Gülümsedim. "Funda... Yaz, benim kızım. Dokuz yaşına girecek kısmetse. Yani yıl olarak dokuz yaşında. Dördüncü sınıf, pek de zeki!" Şimdide kızını öven annelere dönmüştüm. Ne dediğimi ben de bilmiyordum!
Sonuç olarak kızımdı. Babasının kim olduğunun önemi var mıydı?
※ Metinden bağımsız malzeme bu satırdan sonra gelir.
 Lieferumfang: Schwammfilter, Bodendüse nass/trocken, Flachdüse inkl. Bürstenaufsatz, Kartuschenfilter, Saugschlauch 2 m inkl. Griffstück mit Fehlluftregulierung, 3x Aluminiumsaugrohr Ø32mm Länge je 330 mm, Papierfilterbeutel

"Ne diyorsun?" Diye sordu. Durdu, düşünseli bir tavırla birkaç saniye gözlerimin içine baktı. "BİR SANİYE!" Dedi. Panikle, heyecanla bakıyordu.
ŞİMDİ OKUDUĞUN
Elanın Karanlığı
Fiksi UmumÇünkü, bu şehre gelmek demek Onunla karşılaşmak demekti. Onunla karşılaşmak demek, ne demekti? İşte bunu bilmiyordum! *** Yayınlanma Tarihi:18 Haziran 2023 Bu hikayedeki olaylar tamamen hayal ürünüdür. Gerçek kişi ve kurumlarla bir ilgisi bulunmama...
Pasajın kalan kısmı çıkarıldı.